Purpose: Osteophytes are common radiographic markers of osteoarthritis. However, they are not accurately depicted using conventional imaging, thus hampering surgical interventions that rely on pre-operative images. Studies have shown that ultrasound (US) is promising at detecting osteophytes and monitoring the progression of osteoarthritis. Furthermore, three-dimensional (3D) ultrasound reconstructions may offer a means to quantify osteophytes. The purpose of this study was to compare the accuracy of osteophyte depiction in the knee joint between 3D US and conventional computed tomography (CT).

Methods: Eleven human cadaveric knees were pre-screened for the presence of osteophytes. Three osteoarthritic knees were selected, and then, 3D US and CT images were obtained, segmented, and digitally reconstructed in 3D. After dissection, high-resolution structured light scanner (SLS) images of the joint surfaces were obtained. Surface matching and root mean square (RMS) error analyses of surface distances were performed to assess the accuracy of each modality in capturing osteophytes. The RMS errors were compared between 3D US, CT and SLS models.

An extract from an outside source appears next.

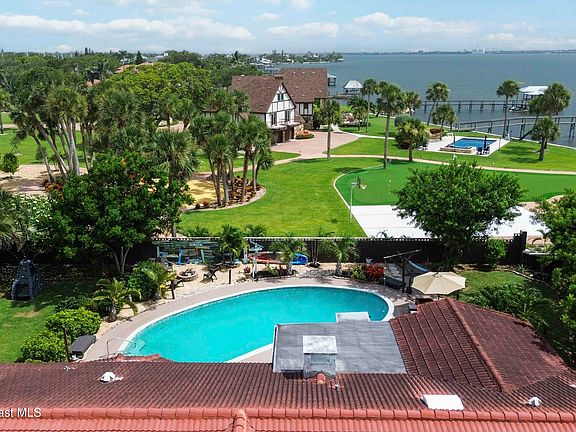 RIVER VIEWS JUST BECAME MORE AFFORDABLE! Tucked away in a Secluded Cul-de-sac, Just 1 lot from the River, this Tropical Riverside Retreat won't last long at this Reduced price! Offering Breath Taking Views of the Intercoastal without the cost of Direct Riverfront! All major expenses have been updated! Spanish tile roof in 2016, 45 ft pool resurfaced w/glass tile redone this year. All three bathrooms recently remodeled with high-end porcelain tile. Re-Piped in 2007. Electrical 2011. New AC 2022. Storm shutters. Spanish Oak Hardwood throughout. Features Expansive In-Law Suite with full Ensuite Bath and Mini Kitchen. Sprinklers updated 2023 on well water. All new Interior Doors, ceiling fans, light fixtures. Balcony on Covered Lanai could easily be added to offer Panoramic River views. Master has a Dressing Area & Sliders that lead to Pool & Private Terrace! Walk to the Beach, Shopping & Restaurants! 45 mins to Orlando & The Theme Parks & Conveniently Close to the Bridge-A-Rated schools!

Results: Average RMS error comparisons for 3D US versus SLS and CT versus SLS models were 0.87 mm ± 0.33 mm (average ± standard deviation) and 0.95 mm ± 0.32 mm, respectively. No statistical difference was found between 3D US and CT. Comparative observations of imaging modalities suggested that 3D US better depicted osteophytes with cartilage and fibrocartilage tissue characteristics compared to CT.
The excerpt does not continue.